— Problem —
Output only the lines below from the one holding "В этой квартире" down to the one holding "女子向けラノベタイトル風あだ名 | 『異世界でカフェたけすぎを開店しました。』 |", both end lines included and every picture dropped.

— Supplied records —
---*---

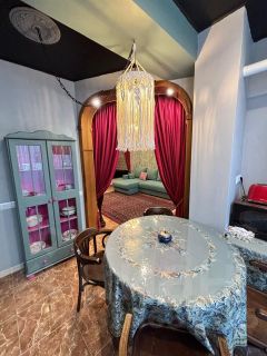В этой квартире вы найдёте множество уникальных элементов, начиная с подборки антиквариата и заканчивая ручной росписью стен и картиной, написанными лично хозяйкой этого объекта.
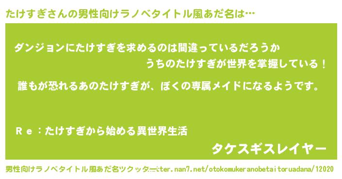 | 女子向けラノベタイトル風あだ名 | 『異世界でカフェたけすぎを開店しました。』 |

---*---

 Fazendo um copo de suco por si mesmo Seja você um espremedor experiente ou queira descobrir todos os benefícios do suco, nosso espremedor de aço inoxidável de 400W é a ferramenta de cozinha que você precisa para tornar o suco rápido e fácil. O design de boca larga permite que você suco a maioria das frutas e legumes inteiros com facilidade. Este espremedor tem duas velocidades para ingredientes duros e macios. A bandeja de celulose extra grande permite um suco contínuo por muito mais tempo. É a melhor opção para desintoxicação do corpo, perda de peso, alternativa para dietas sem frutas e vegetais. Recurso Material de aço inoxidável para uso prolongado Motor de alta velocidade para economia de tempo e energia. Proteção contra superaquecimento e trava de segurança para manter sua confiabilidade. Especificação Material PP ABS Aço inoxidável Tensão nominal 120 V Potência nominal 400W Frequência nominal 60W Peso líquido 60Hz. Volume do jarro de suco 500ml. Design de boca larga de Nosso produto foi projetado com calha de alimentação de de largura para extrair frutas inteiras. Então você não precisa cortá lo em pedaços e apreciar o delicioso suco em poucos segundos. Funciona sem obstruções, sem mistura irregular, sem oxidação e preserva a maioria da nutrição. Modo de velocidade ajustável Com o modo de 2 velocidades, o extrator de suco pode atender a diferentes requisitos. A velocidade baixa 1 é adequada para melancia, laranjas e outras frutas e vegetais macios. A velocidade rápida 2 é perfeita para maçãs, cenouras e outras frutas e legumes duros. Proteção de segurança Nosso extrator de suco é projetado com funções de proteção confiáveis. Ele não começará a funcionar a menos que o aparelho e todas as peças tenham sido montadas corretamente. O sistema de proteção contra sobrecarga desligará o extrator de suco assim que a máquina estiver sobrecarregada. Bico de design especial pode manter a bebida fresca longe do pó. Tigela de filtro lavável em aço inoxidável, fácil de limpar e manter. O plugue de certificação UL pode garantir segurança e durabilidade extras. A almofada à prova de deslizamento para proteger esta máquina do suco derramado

---*---

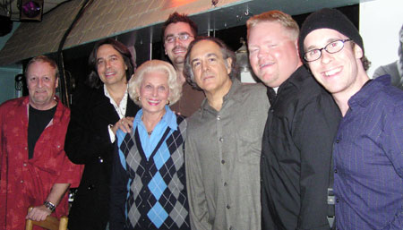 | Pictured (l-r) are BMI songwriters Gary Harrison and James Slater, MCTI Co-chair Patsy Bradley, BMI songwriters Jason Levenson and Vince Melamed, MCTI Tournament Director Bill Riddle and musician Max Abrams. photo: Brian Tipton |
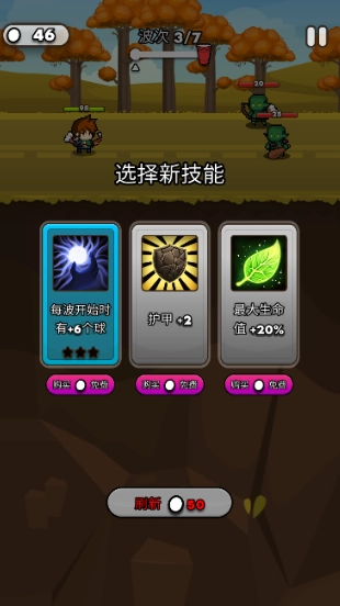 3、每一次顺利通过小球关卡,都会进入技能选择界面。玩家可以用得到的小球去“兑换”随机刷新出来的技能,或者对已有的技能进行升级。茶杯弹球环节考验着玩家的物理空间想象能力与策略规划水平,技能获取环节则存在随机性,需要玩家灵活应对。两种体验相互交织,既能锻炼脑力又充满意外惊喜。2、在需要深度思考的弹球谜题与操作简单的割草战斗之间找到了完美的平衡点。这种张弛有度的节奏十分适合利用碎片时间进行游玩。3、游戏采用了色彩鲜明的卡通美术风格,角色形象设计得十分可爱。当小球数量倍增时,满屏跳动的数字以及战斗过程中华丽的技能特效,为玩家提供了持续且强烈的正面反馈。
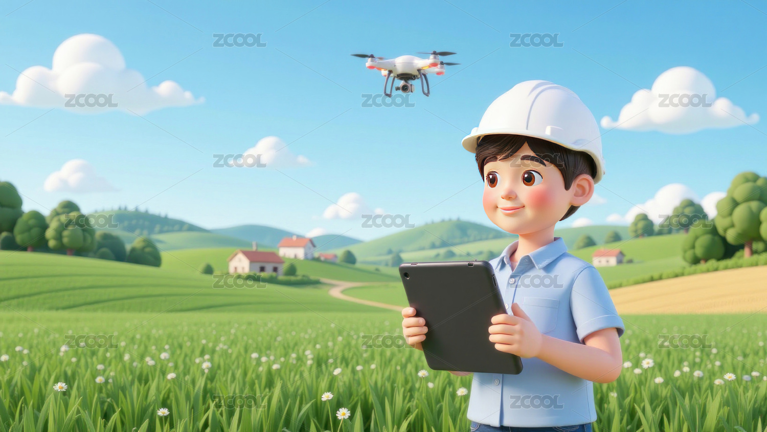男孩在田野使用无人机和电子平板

---*---

— Your solution —
В этой квартире вы найдёте множество уникальных элементов, начиная с подборки антиквариата и заканчивая ручной росписью стен и картиной, написанными лично хозяйкой этого объекта.
 | 女子向けラノベタイトル風あだ名 | 『異世界でカフェたけすぎを開店しました。』 |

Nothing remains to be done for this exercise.